Counting Subtree Inclusion Sets

Given a rooted tree with \(n\) nodes. For any vertex \(w\) and any nonnegative integer \(d\), define \(N(w,d)\) as the set of nodes in the subtree rooted at \(w\) which have a distance at most \(d\) from \(w\). In other words, if the distance from \(w\) to a node \(x\) is at most \(d\), then \(x\) belongs to \(N(w,d)\).

You are given \(m\) queries. Each query provides a vertex \(w\) and a nonnegative integer \(d\). For each query, you are to calculate the size of the set \[ \{N(w',d') \mid N(w',d') \subseteq N(w,d)\}, \] that is, the number of distinct sets \(N(w',d')\) (over all possible vertices \(w'\) and nonnegative integers \(d'\)) which are contained in \(N(w,d)\). Note that if two different pairs \((w',d')\) yield the same set, they are counted only once.

Observation: For any vertex \(w'\) that lies in \(N(w,d)\), let the distance from \(w\) to \(w'\) be \(r\). Then \(N(w',d') \subseteq N(w,d)\) if and only if every node in \(N(w',d')\) (which is defined as the set of nodes in the subtree of \(w'\) within a distance \(d'\) from \(w'\)) satisfies \(r+d' \le d\).
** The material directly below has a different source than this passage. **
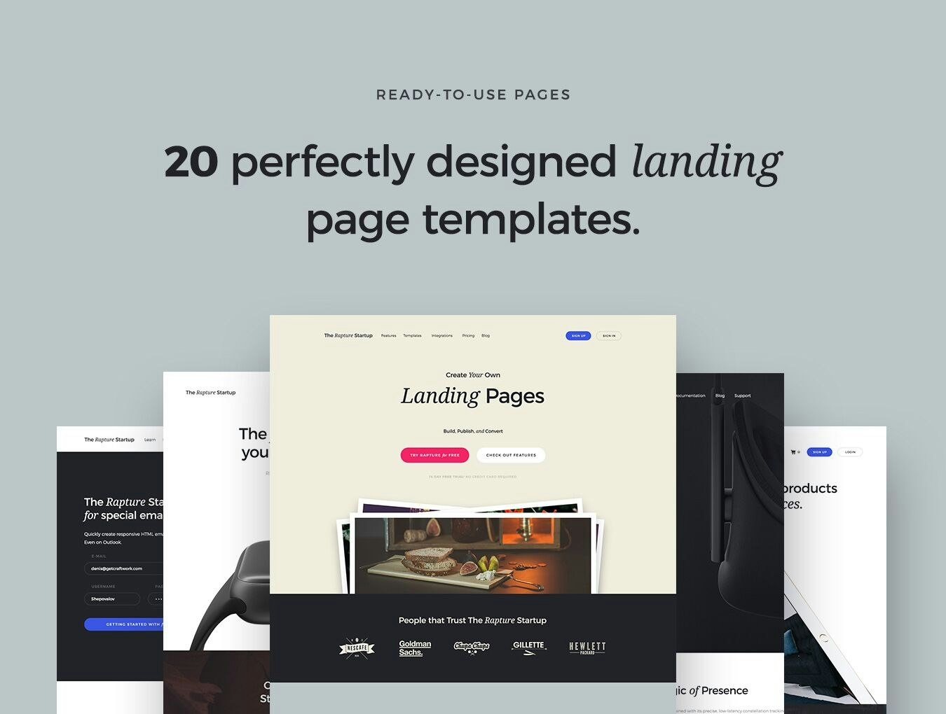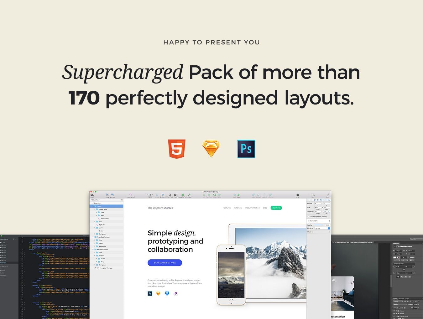 The Rapture Startup Framework is for creating landing pages and simple websites. It is useful for designers (both Sketch and Photoshop users) and coders. It is easy to use and provides clean HTML5. There are 170 cards that you can mix like lego bricks. And there are 20 ready-to use landings, for those who are in a hurry.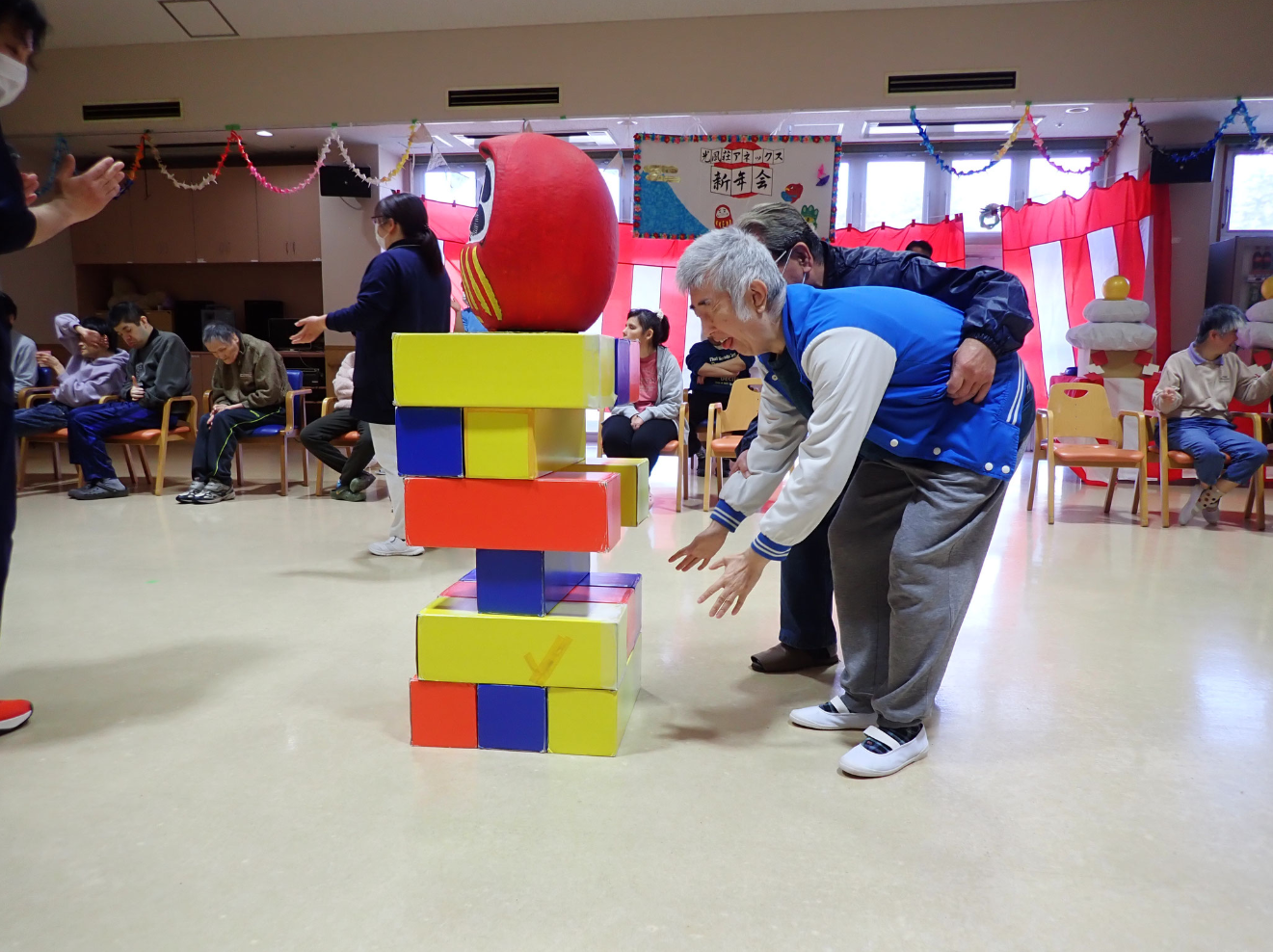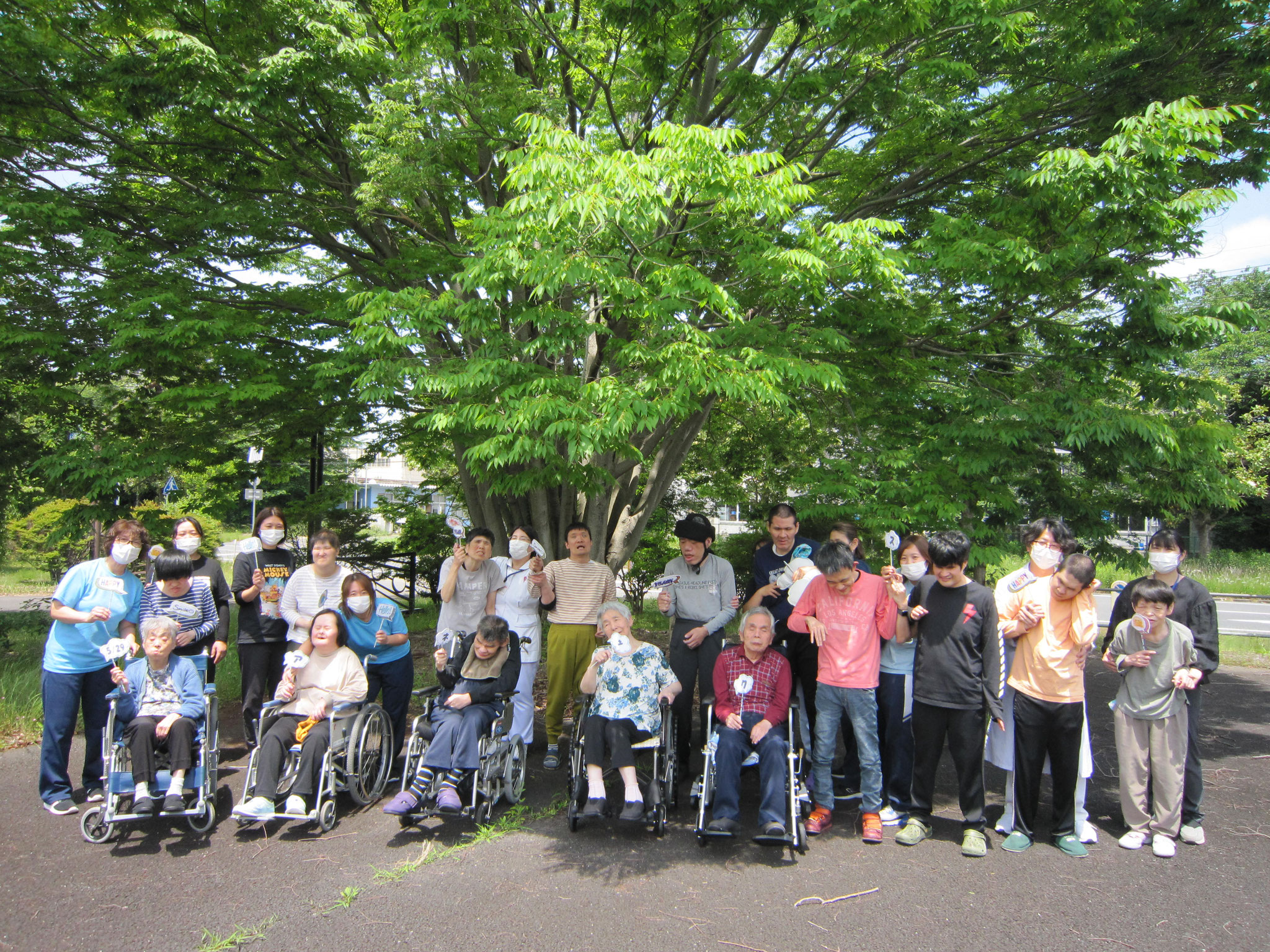 積み木ゲームや玉入れゲームなどみんなで楽しみました。楽しかったと利用者の皆さんから定評をいただきました。また、外では皆さんと写真も撮り良い思い出となりました。

That is, the maximum valid \(d'\) is \(d-r\) (subject to the fact that increasing \(d'\) beyond the height of the subtree rooted at \(w'\) does not change \(N(w',d')\)).

Thus, if we denote by \(h(w')\) the height of the subtree rooted at \(w'\) (i.e. the maximum distance from \(w'\) to any descendant), then the distinct sets contributed by vertex \(w'\) (when \(w' \in N(w,d)\)) is
\[ \min\{h(w') , d - r\} + 1 \quad \text{with} \quad r = \text{dist}(w,w'). \]

The final answer for a query \((w,d)\) is the sum of \(\min\{h(w'), d - (\text{dist}(w,w'))\} + 1\) over all vertices \(w'\) in \(N(w,d)\).

inputFormat

The first line contains two integers, \(n\) and \(m\) (the number of nodes and the number of queries).

The second line contains \(n-1\) integers. The \(i\)-th integer (for \(i = 1, 2, \dots, n-1\)) indicates the parent of vertex \(i+1\) (thus, the tree is rooted at vertex 1).

Each of the next \(m\) lines contains two integers \(w\) and \(d\), representing a query.

outputFormat

For each query, output a single integer on a new line representing the number of distinct sets \(N(w',d')\) that satisfy \(N(w',d') \subseteq N(w,d)\).

sample

5 3
1 1 2 2
1 1
2 1
3 0

8
3
1